For the first phase of the election campaign the CPIM leaders carried on their routine unless the TMC is defeated the BJP cannot be tackled type o rhetoric. Around mid-March, however, reports from the ground made them realise that the tide was flowing so sharply against the TMC they need not bother. But the tide was going to the BJP. So thereafter they focused with a single mided intensity om the BJP. This should have been done for the past five years, along withactually resisting TMC crooked behaviour on the streets.
The left now faces difficult times. It must build its bases. And it has to do in a changed landscape. Large factories have been disappearing. Building mass organisations and movements means not just trade unions and peasant organisations, but serious sustained work among LGBTIQ+ groups, building serious ecological left movements, and so on. That will also enable the left to make meaningful contact with Dalits and advasis.
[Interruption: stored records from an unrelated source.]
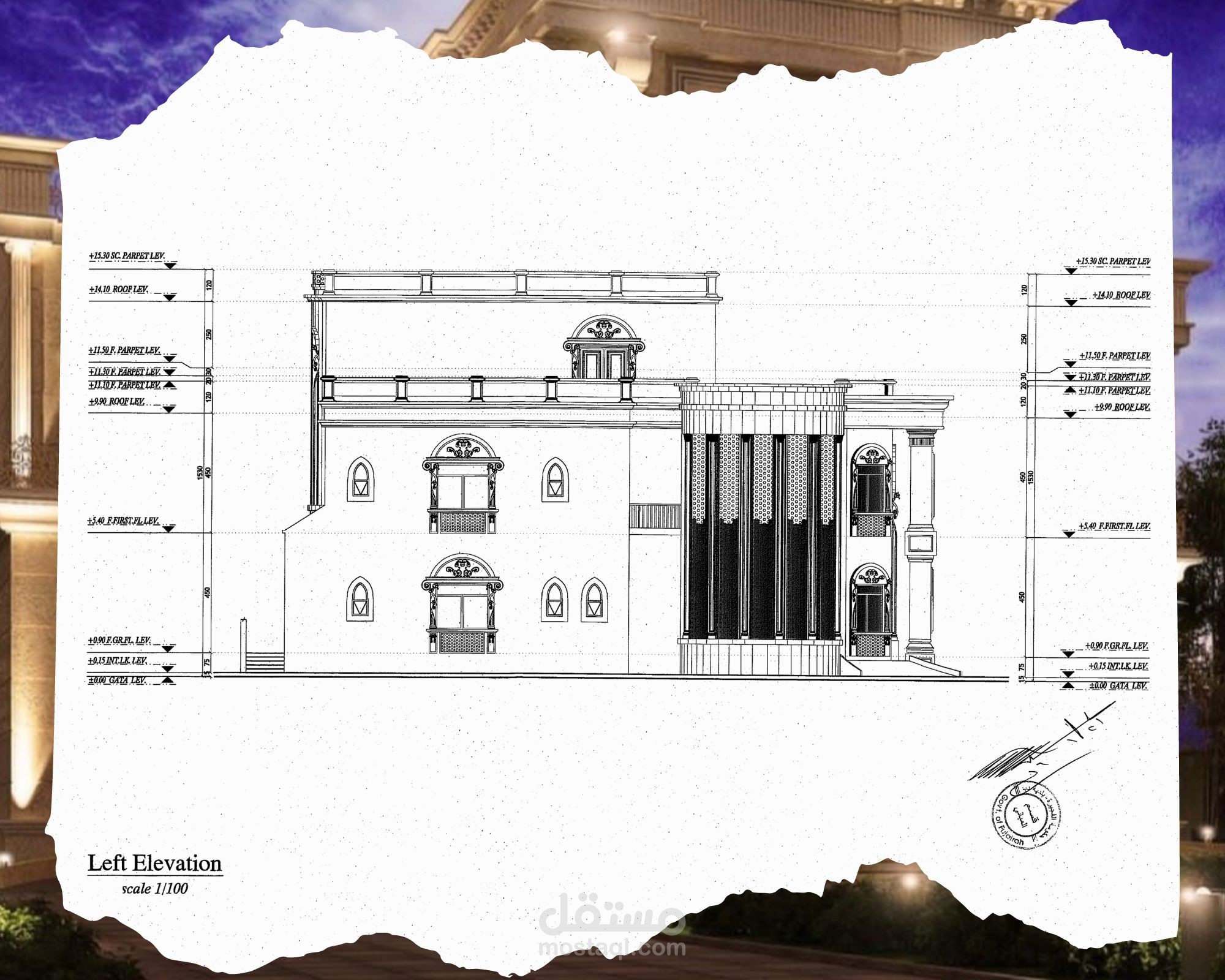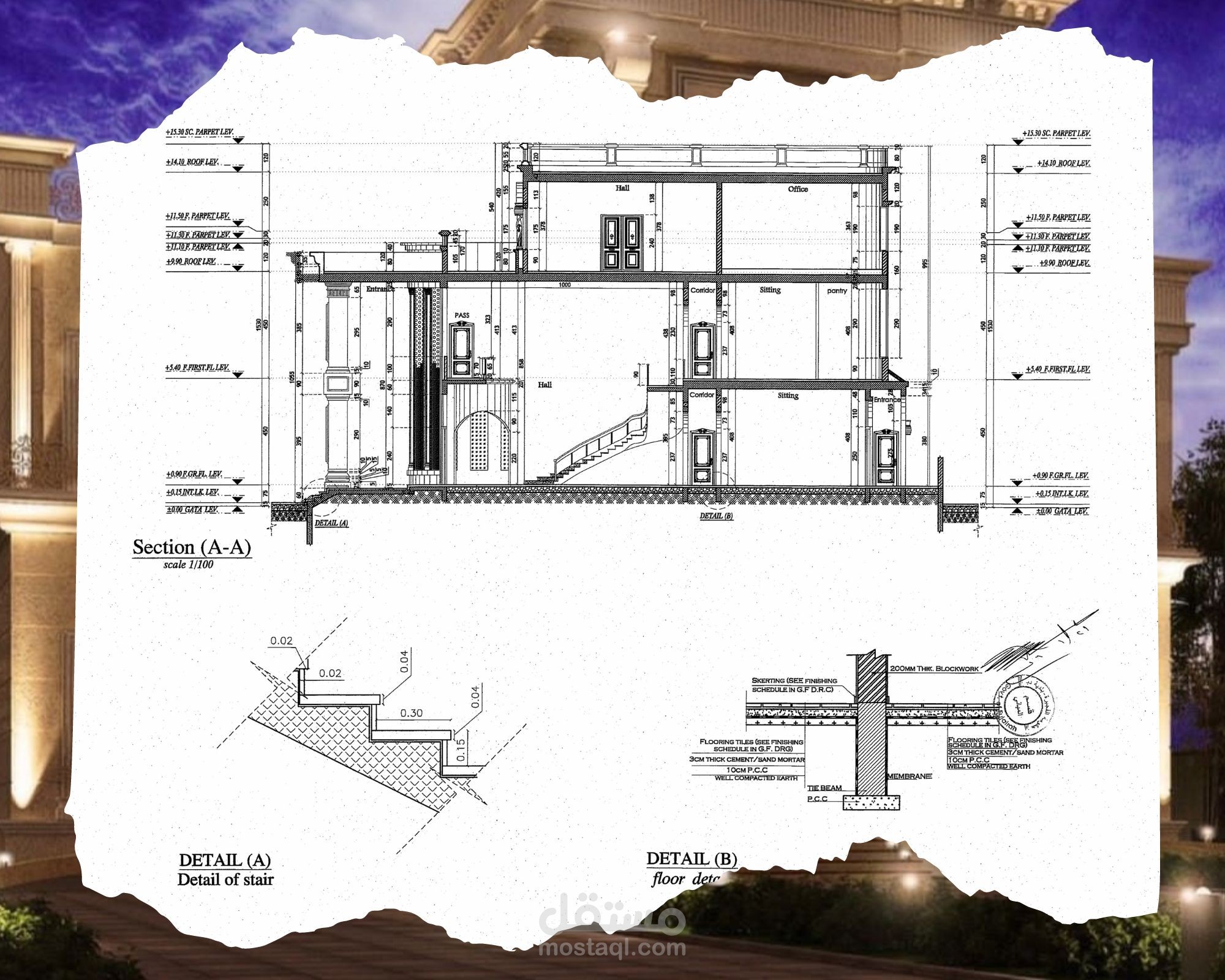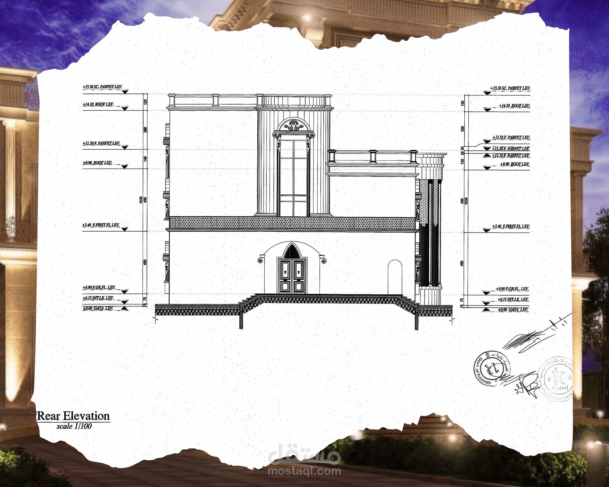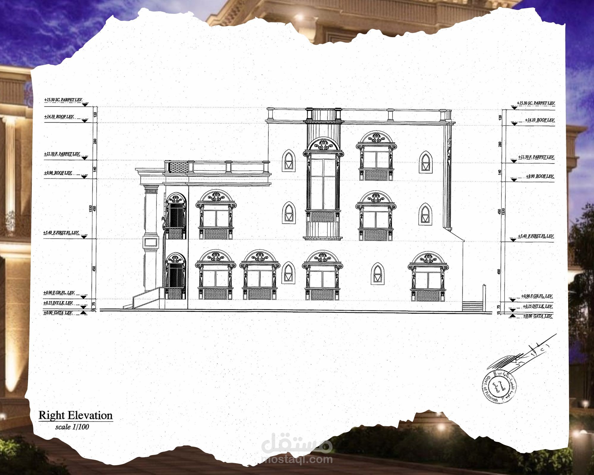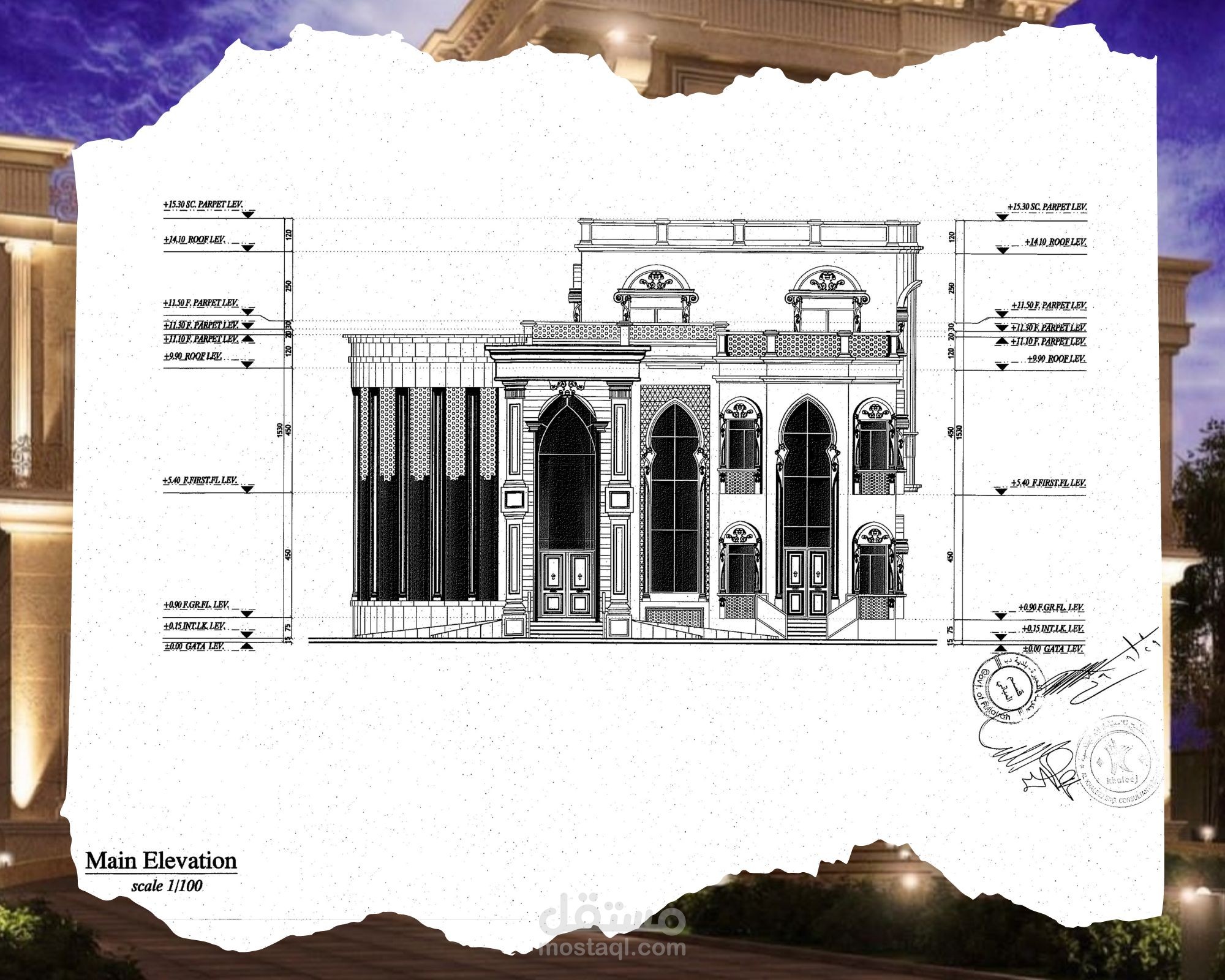 Classic villa shop drawing, G+2 - UAE
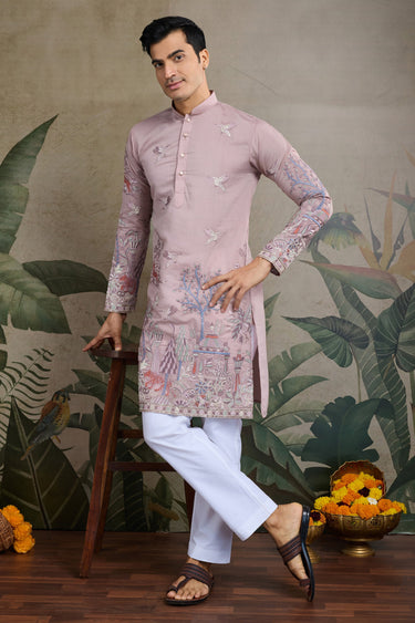 Peach Festive Wear Readymade Lovely Kurta For Men
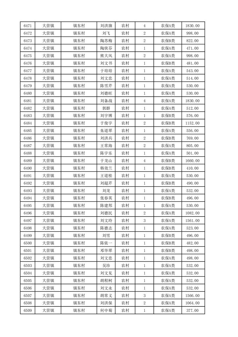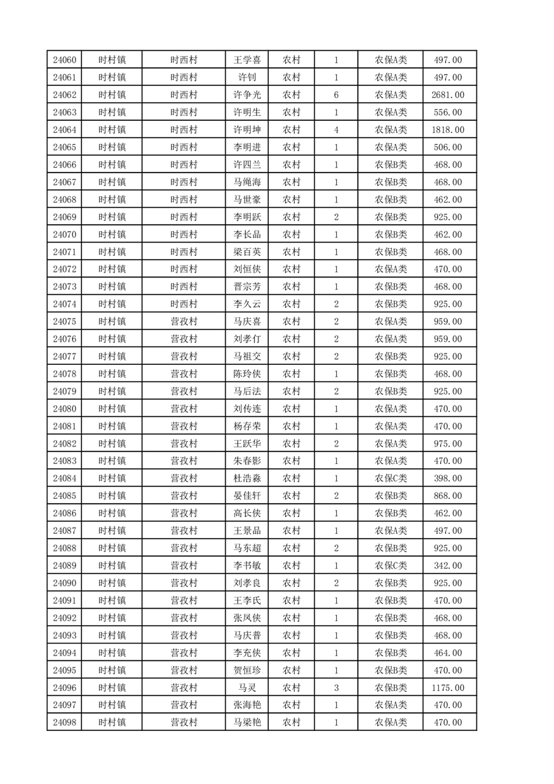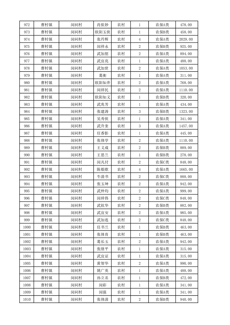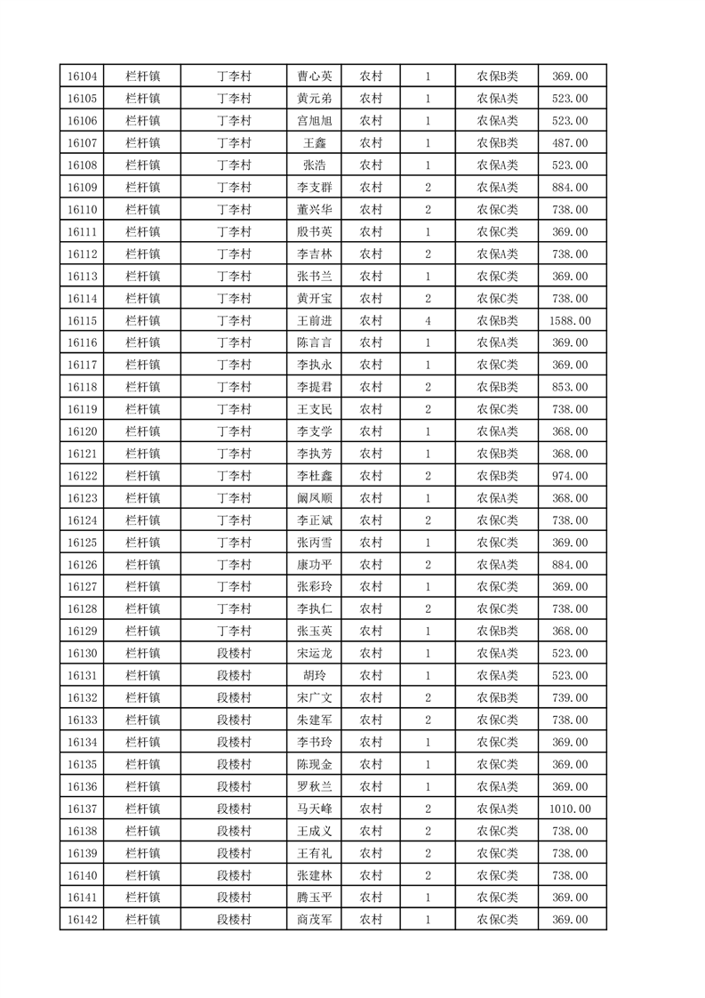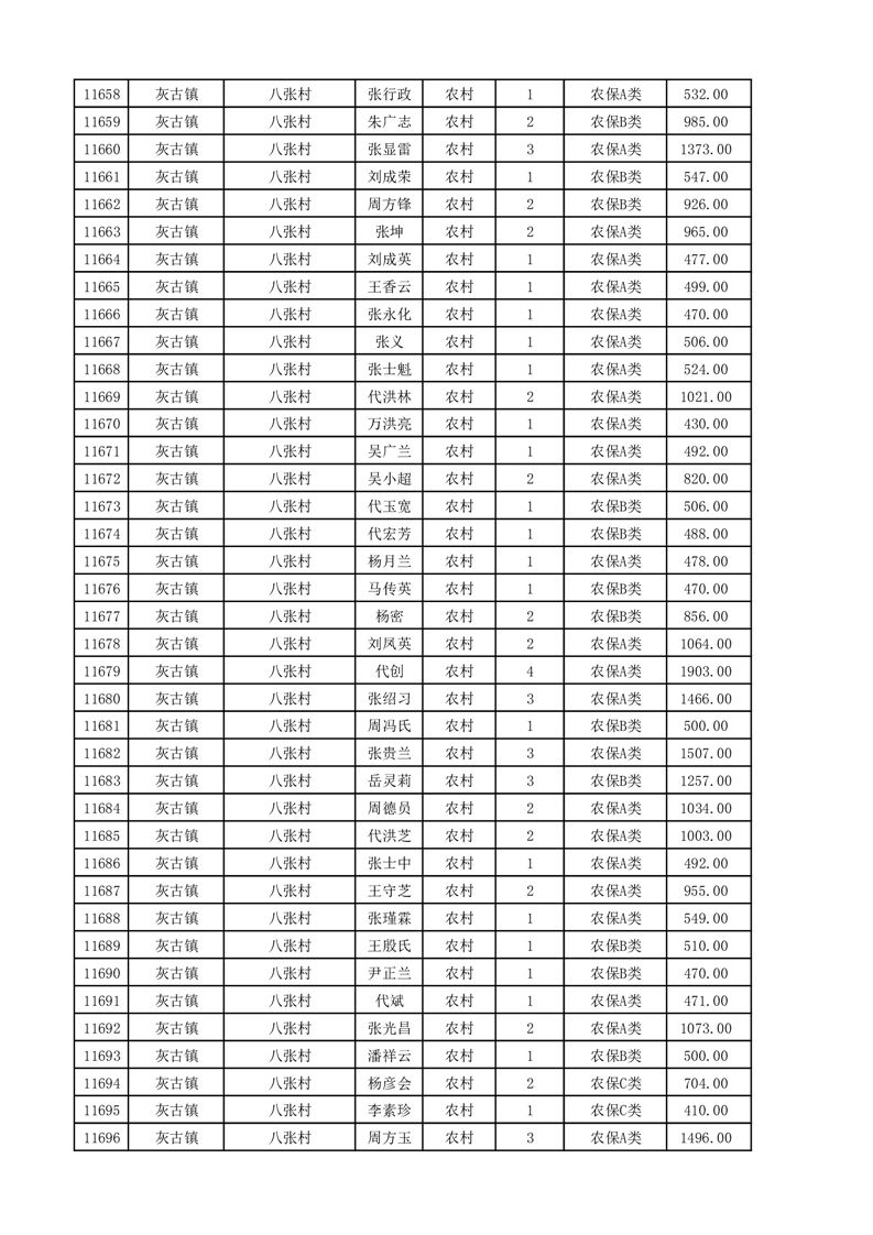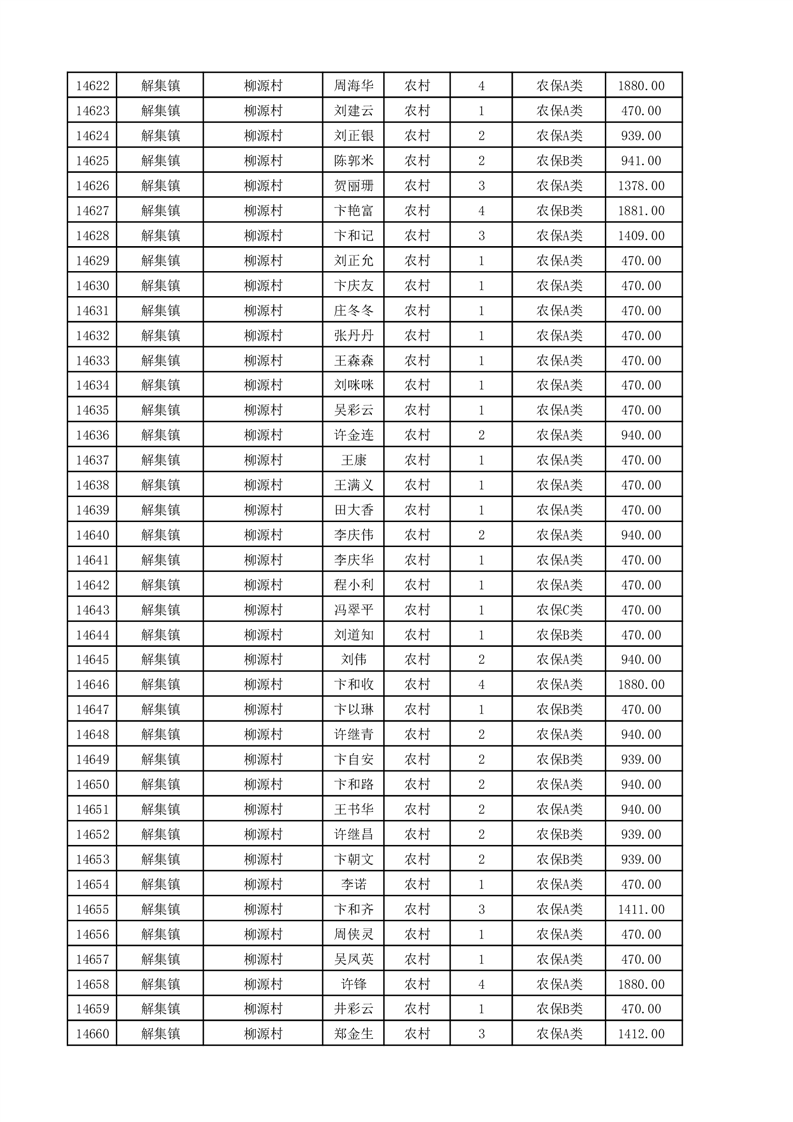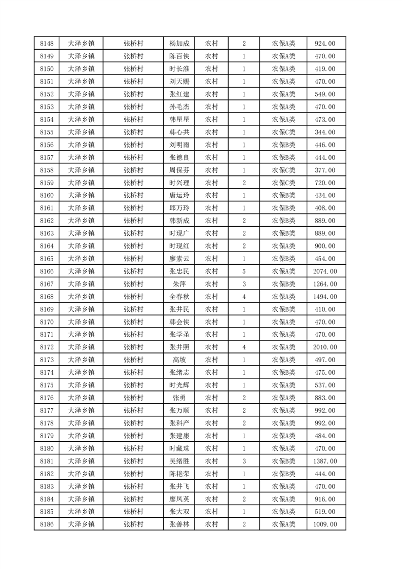 埇桥区2025年11月份农村低保花名册

The RSS is still relatively weak in organisational terms in West Bengal. The Left must use what time it has to go to the people with its alternative ideology, values and build resistance. For the RSS-BJP attacking independent thinking is vital. There will be an assault on Jadavpur University in line with the earlier assaults on JNU. School level education will be under rapid Hinduization. The left has to look at these dimensions as well.